Gagarin fece il suo volo. Era il primo, in assoluto.
Quando vide dal Vzor della Vostok il suo cielo, gli sembrò preparato apposta per lui, un campo seminato come i campi che aveva visto da piccolo – quelle cose sì, durano tutta una vita – ma non chi seminava. Chi aveva seminato c'era già stato, ma non era lì: il campo, ora che era pieno, era abbandonato.
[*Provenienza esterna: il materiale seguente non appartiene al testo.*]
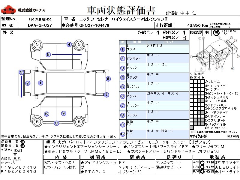 | メーカー・車種 | 日産 セレナ ハイウェイスターVSel2 (型式:DAA-GFC27) | ||||||||||||||||||||||||||||||||||||||||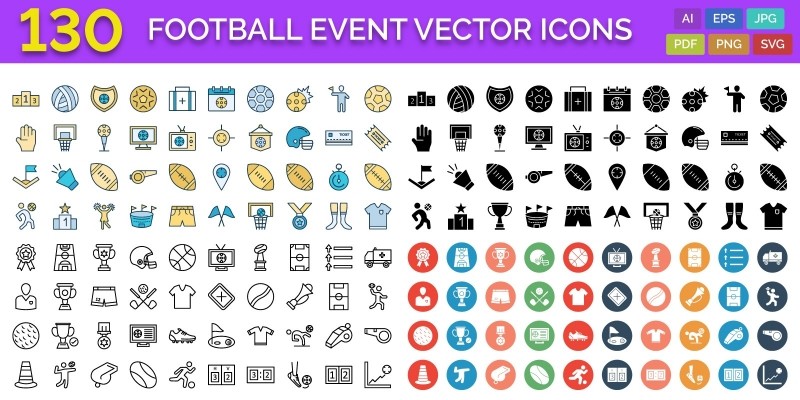 130 Football Event Vector Icons. 130 Football Event Vector Icons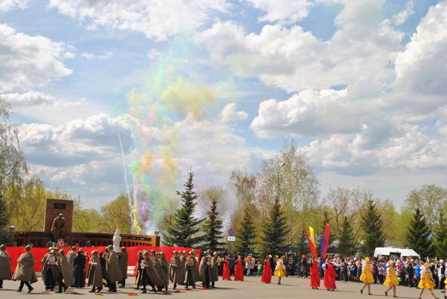 Праздник продолжился музыкальным театрализованным представлением, подготовленным школами и отделом культуры, которое развернулось на всем широком просторе площади перед Вечным огнем. Красочное, берущее за душу действие никого не оставило равнодушным. Все в сопровождении костюмированных хореографических композиций.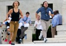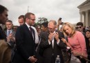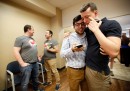 Tra le cose fotografate ieri c’è stata anche la cosiddetta “gara degli stagisti”, una cosa molto divertente vista da qui: le sentenze della Corte Suprema vengono diffuse in un primo momento solo in formato cartaceo e quindi le grandi testate devono mandare fisicamente qualcuno dentro l’edificio della Corte a prendere i fogli con le sentenze e portarli fuori. L’operazione solitamente viene affidata gli stagisti, che muniti di scarpe da ginnastica partecipano – appunto – a quella che viene definita “la gara degli stagisti”. E per finire ieri ci sono stati alcuni momenti particolarmente emozionanti: per esempio quando il presidente Obama ha chiamato al telefono e in diretta televisiva Jim Obergefell, uno dei ricorrenti della causa che ha dato avvio al processo che ha poi portato alla sentenza.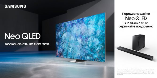 Телевізори Samsung Neo QLED виходять на український ринок: встигніть зробити попереднє замовлення й отримайте в подарунок саундбар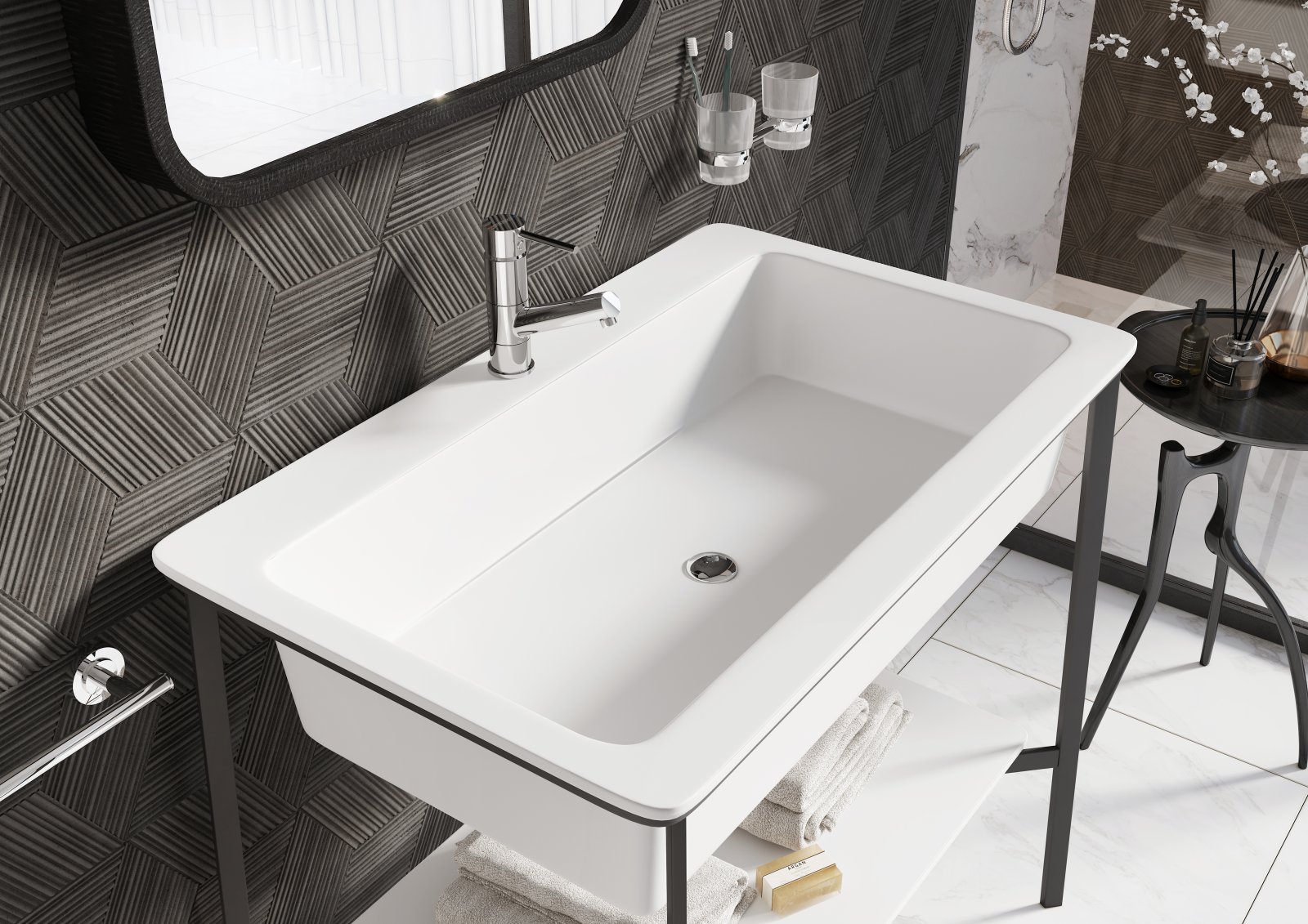 Compatibilitate și condiții de montare: proiectată pentru montaj stativ pe lavoar; setul include racordurile flexibile de alimentare G 3/8 - M10x1. Recomandări de îngrijire și siguranță: curățați periodic suprafața cu o cârpă moale și soluții neabrazive pentru a proteja stratul de crom; evitați utilizarea agenților chimici agresivi; după instalare verificați etanșeitatea sistemului sub presiune.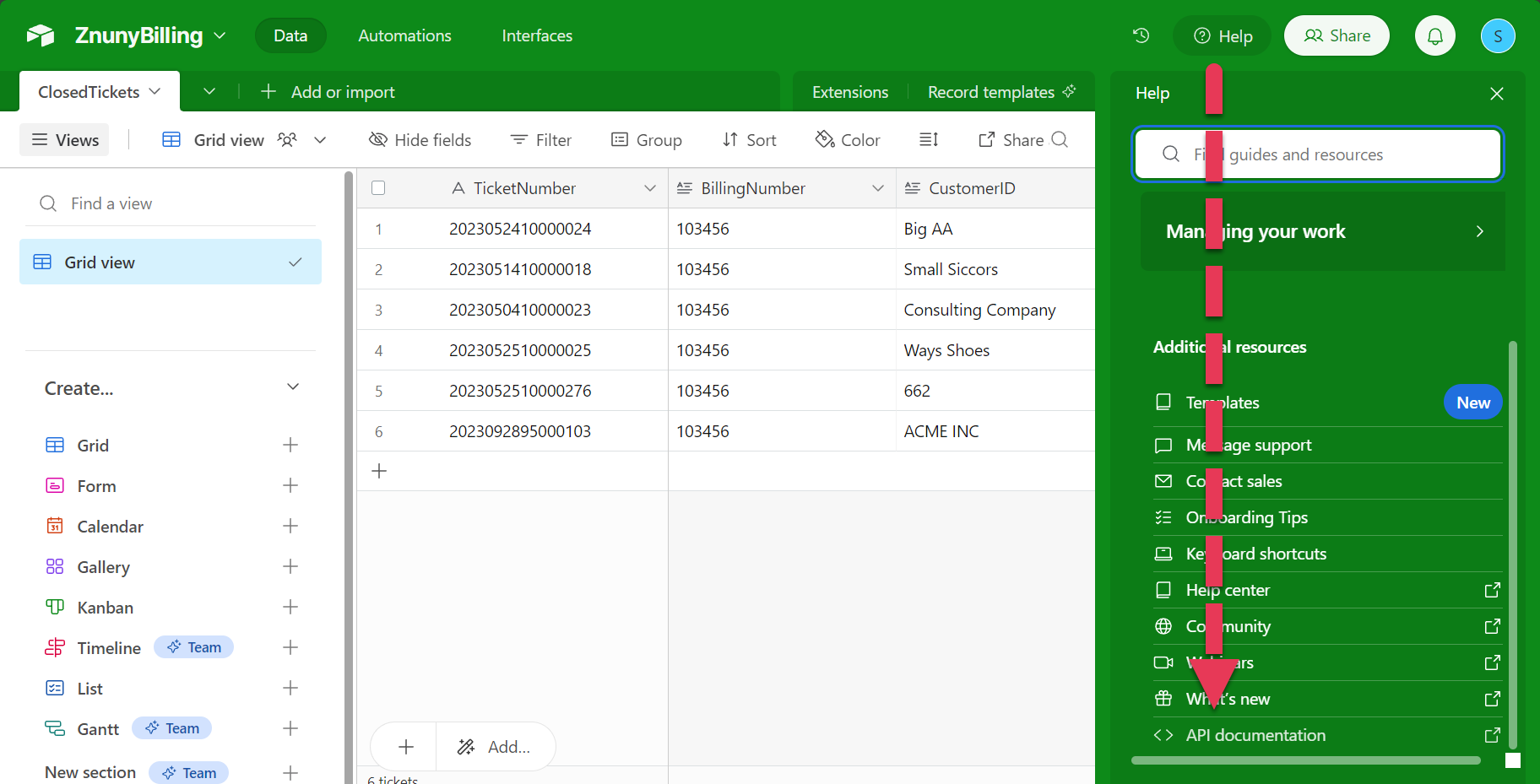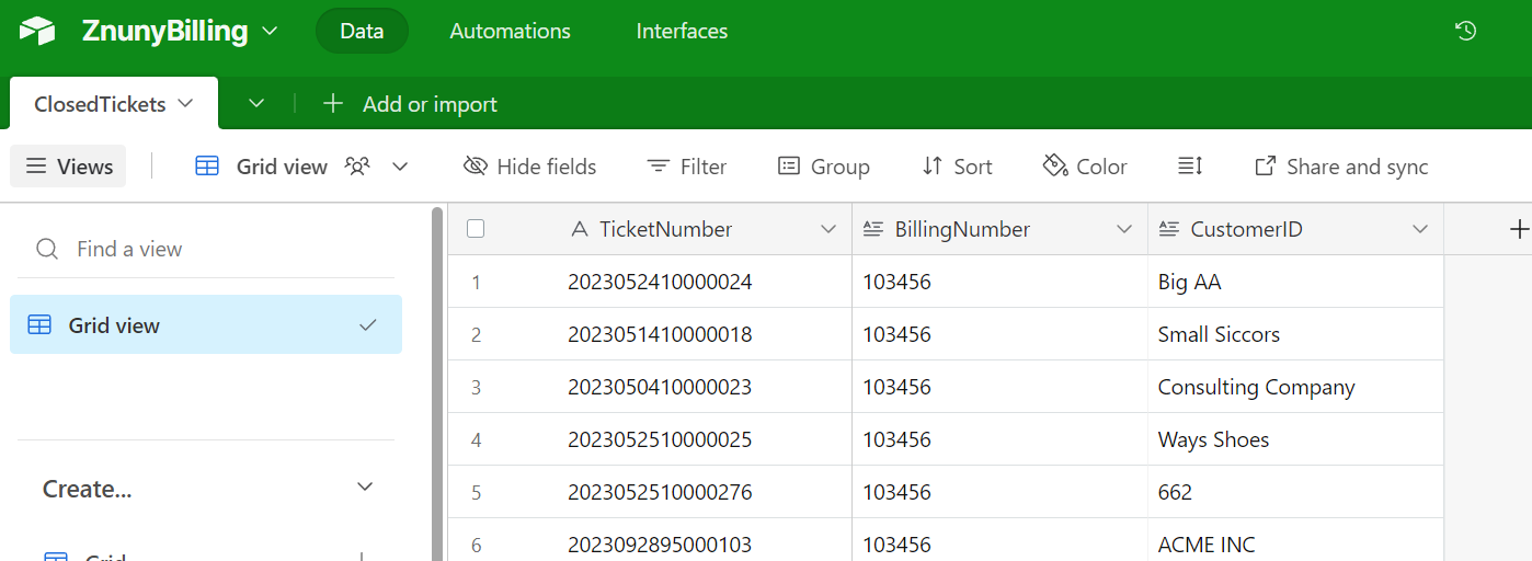 In this example, we would like to access the Airtable API, to record the customer, the time spent within the ticket, and the billing code for the request. The customer and time spent will be used from the accounted time feature and customer data within the ticket. The billing code will be read from the queue preference, by the generic interface module.

Lo colpì il buio abissale che pareva tirare le ombre fin fuori alla nave, ad ogni rotazione dell'abitacolo. Era una luna in miniatura che compiva la sua nascita e morte in cento minuti circa. Fu un'escursione tra luce e ombra, quel primo passo dell'uomo oltre la sua stessa mente. I suoi occhi avevano come unico riferimento quelli puntati degli spettatori che invano scrutavano il cielo per poter vedere chi c'era lassù, e lo strumentino cardanico, quella piccola finestrina che dava su una terra dipinta che oscillava paurosamente e, ansiosa, tremava sotto l'abitacolo-pedina. Sopra c'era il vuoto che occupava più lo sguardo che i pensieri raccolti al lancio, con gli occhi bassi; avrà pensato mille cose Gagarin, vedendo il cielo uniforme e la sua casa sterminata e ancora troppo vicina. Questo volo gli sarà piaciuto più dei precedenti per la diversità del cielo che osservava: fu il cielo il vero protagonista, incomunicabilmente nero e vivo. Come per tutti i Russi, fu per gli altri uno spettacolo ridotto a poche, intense parole.